Entretanto, esse discurso não se apresenta apenas como prognóstico técnico, mas
como instrumento político. Ele opera como intimidação simbólica, produzindo
ansiedade social e moldando expectativas de trabalhadores sobre seu próprio
futuro. É esse mecanismo que chamaremos aqui de tecnoterrorismo: uma narrativa
futurista que amplifica ameaças hipotéticas para mascarar as contradições muito
concretas do presente.
O
tecnoterrorismo funciona como um espelho quebrado manejado pelo capital
tecnológico: cada caco devolve uma imagem ampliada do perigo, mas nunca permite
enxergar a totalidade. Em vez de descrever realisticamente o que a IA é capaz
de fazer, projeta fantasias hiperbólicas que servem para legitimar a
precarização, pressionar salários e justificar reformas regressivas. Essa
dramatização do “amanhã” protege o capital de encarar dilemas estruturais do
“hoje”: baixa produtividade, estagnação econômica e modelos de negócios
incapazes de gerar valor duradouro.
A
genealogia desse discurso pode ser observada desde a ascensão do “capitalismo
de plataforma”, cujo caso paradigmático é a Uber. Vendida como revolução
tecnológica, a empresa tornou-se o maior experimento contemporâneo de
desvalorização do trabalho sob o pretexto da inovação.

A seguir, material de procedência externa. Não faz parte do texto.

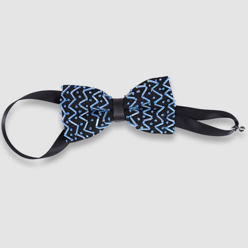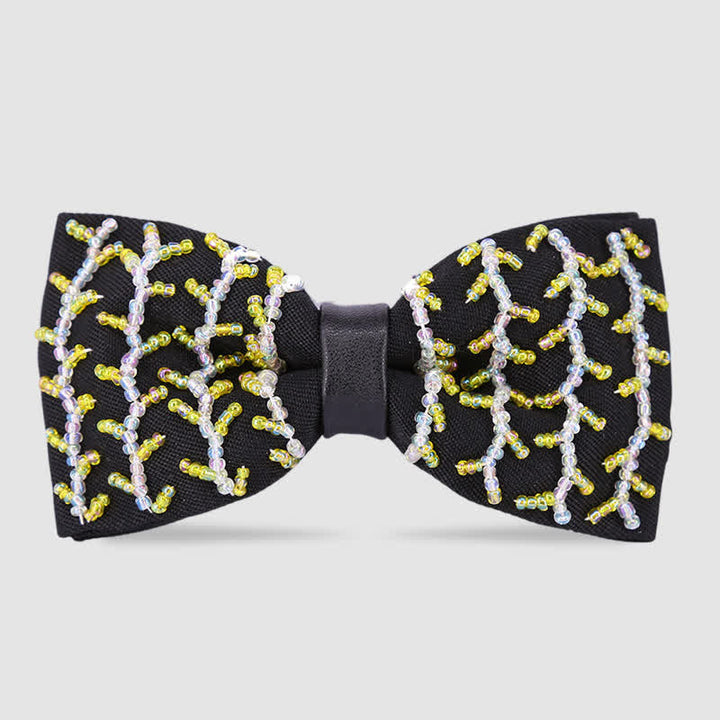 - Set the stage for sophistication with our black bow tie, adorned with intricate and colorful beads.
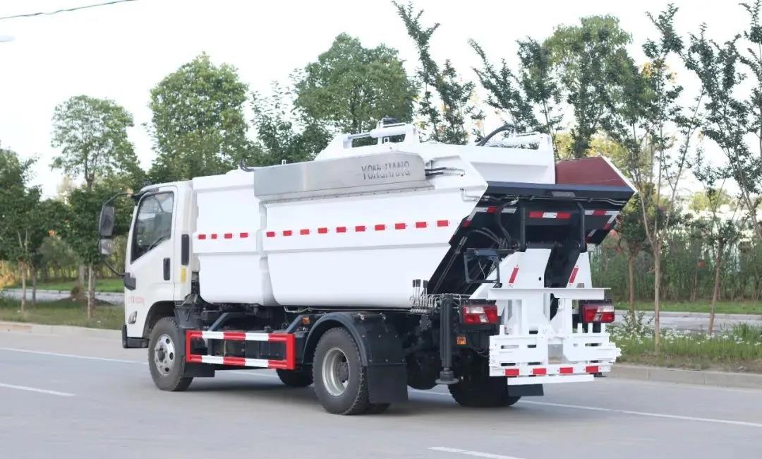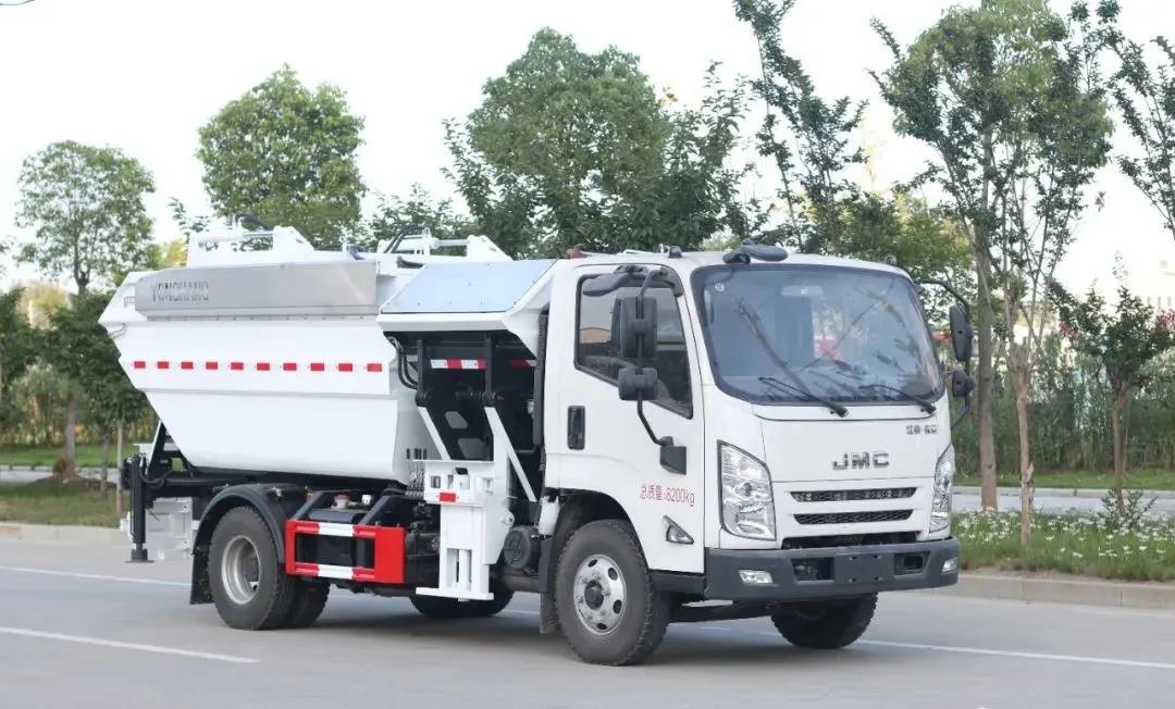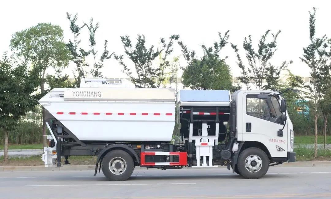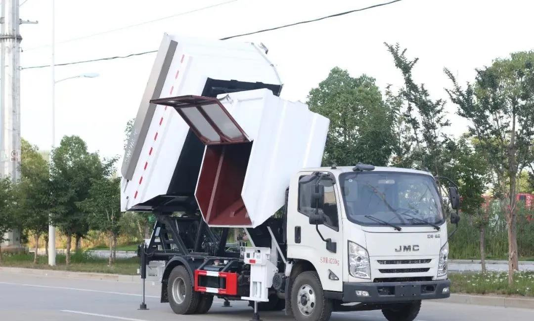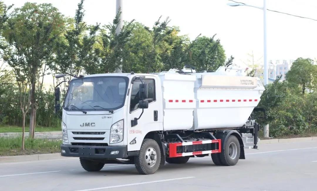 江鈴凱運自裝卸式垃圾車是永航公司根據市場需要自主開發的一款分類垃圾收集車。該車外形美觀、創意新穎,由汽車二類底盤加裝垃圾箱、翻桶機構、副車架、液壓系統和電控系統等專用工作裝置改裝而成,兼具垃圾分類收集投放、多方位垃圾上料方式、垃圾壓縮及對接卸料功能。適用于城鎮前端垃圾的分類收集轉運,可與大型垃圾壓縮車配套使用,開創了國內分類收集轉運新模式。

Sua expansão dependeu de
tarifas artificialmente baixas, sustentadas por aportes bilionários de capital
especulativo, que visavam eliminar concorrentes e capturar mercados. O
resultado é conhecido: precarização profunda, algoritmos definindo
remunerações, jornadas extenuantes e transferência integral dos riscos ao
trabalhador. A empresa, mesmo após anos de operação global, só alcançou
rentabilidade contábil recentemente mediante engenharia financeira e
precarização extrema, carregando ainda um passivo de prejuízos históricos.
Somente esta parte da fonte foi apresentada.